You should probably read the original comment on reddit, not just my summary of it. I found it to be extremely detailed and technically convincing, even though it's still hard to determine the level of its trustworthiness.
The fact that his computer conveniently crashed and cannot backup his claims is pretty convincing?
2 replies →
https://penetrum.com/tiktok/Penetrum_TikTok_Security_Analysi...
That report could not distinguish between ISP and Cloud provider, also between Alibaba as an e-commerce and Aliyun as Cloud provider. The report also complained about possible SQL injection, but the database it accessed is a local SQlite database. Who cares if you inject your own database?
Seems fishy.
> There's also a few snippets of code on the Android version that allows for the downloading of a remote zip file, unzipping it, and executing said binary.
If these claims are true, a remote state actor can now take over 40% of young American's phones.
Imagine if they decided to shut off everyone's ability to communicate.
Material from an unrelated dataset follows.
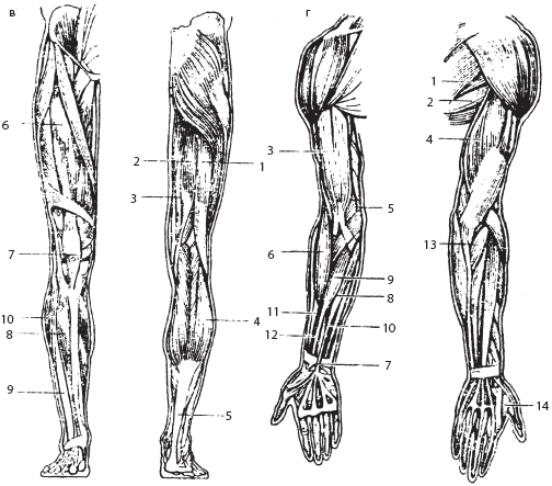в – мышцы нижней конечности: 1 – двуглавая мышца бедра; 2 – полусухожильная мышца; 3 – полуперепончатая мышца; 4 – икроножная мышца; 5 – пяточное сухожилие; 6 – четырехглавая мышца бедра; 7 – собственная связка надколенника; 8 – передняя большеберцовая мышца; 9 – длинный разгибатель пальцев; 10 – длинная малоберцовая мышца; г – мышцы верхней конечности: 1 – малая круглая мышца; 2 – большая круглая мышца; 3 – двуглавая мышца плеча; 4 – трехглавая мышца плеча; 5 – плечевая мышца; 6 – плечелучевая мышца; 7 – сухожилие поверхностного сгибателя пальцев; 8, 10 – поверхностный сгибатель пальцев; 9 – лучевой сгибатель кисти; 11 – лучевой сгибатель запястья; 12 – сухожилие лучевого сгибателя кисти; 13 – локтевая мышца; 14 – короткий разгибатель большого пальца кисти

That would be an incredible capability to possess in the event that they wanted to launch an attack or distract us. (I'm not saying that they would, but that we should be wary of the possibility.)
This is incredibly dangerous.
Furthermore, this does not seem like an accident in TikTok's design. This app is very well put together. Given the expertise involved, I can't see this as an "oops, we didn't know" oversight with respect to either alternative design choices or platform rules. It feels very deliberate.
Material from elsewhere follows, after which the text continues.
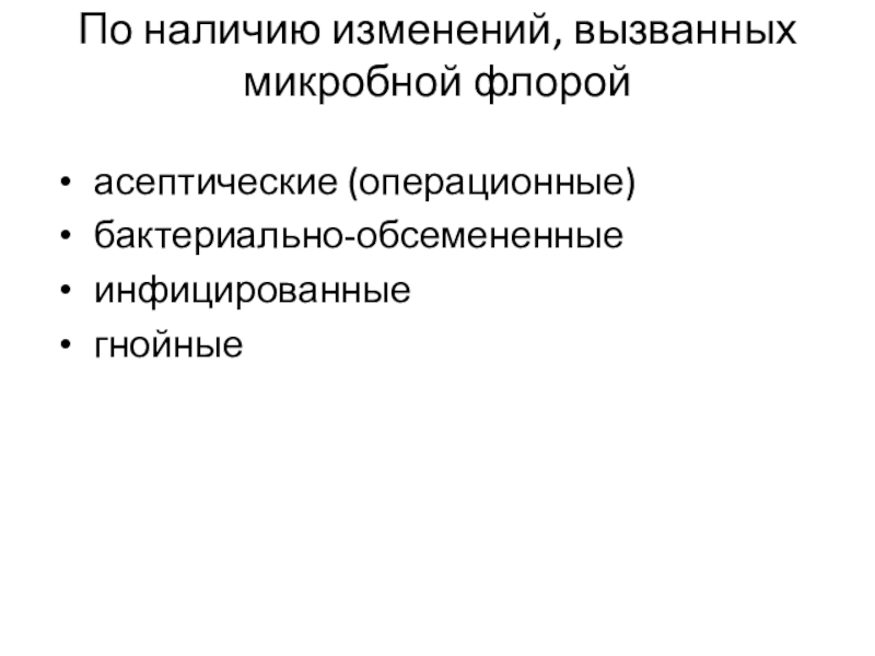 Слайд 6По наличию изменений, вызванных микробной флорой

Google should ban this app immediately for breaking the terms, and US legislators should make a law prohibiting it outright.
We have to do some more due diligence to make sure these claims are valid, but if they do turn out to be true, then we have some very serious issues to consider.
This is one of the few instances where I'll admit that I wish Facebook or Twitter had an answer for this.
Twitter did have an answer to this. It was called Vine and was very popular before they shut it down.
the MOST SCARY stuff for me is apps that ask for your photos album permissions (so they can save to it, or upload a picture ). This permission basically gives them access to ALL your photos, including your dick pics, even when the app is in the background.
The "openness" of the west is being blatantly exploited, and yet for some reason people are still hesitant to call it out for what it is. Almost every significant US internet company is totally blocked in China. Until the US completely blocks WeChat, TikTok, Zoom and so on, China will continue to have a major geopolitical advantage.
> The scariest part of all of this is that much of the logging they're doing is remotely configurable
How is this scary at all - much less the "scariest part"? The vast majority of the bullet points also seem standard and not worth paying attention to. I also read the Penetrum paper he linked which was similarly unconvincing.
How long will it take China to rebrand these apps under a different name ?
> TikTok is a data collection service that is thinly-veiled as a social network. If there is an API to get information on you, your contacts, or your device... well, they're using it.
They might as well be describing Facebook or Google. They are data harvesting services - first and foremost. The actual applications are only the bait yet since they're owned by the country that makes those great movies and TV series, somehow, they aren't as bad.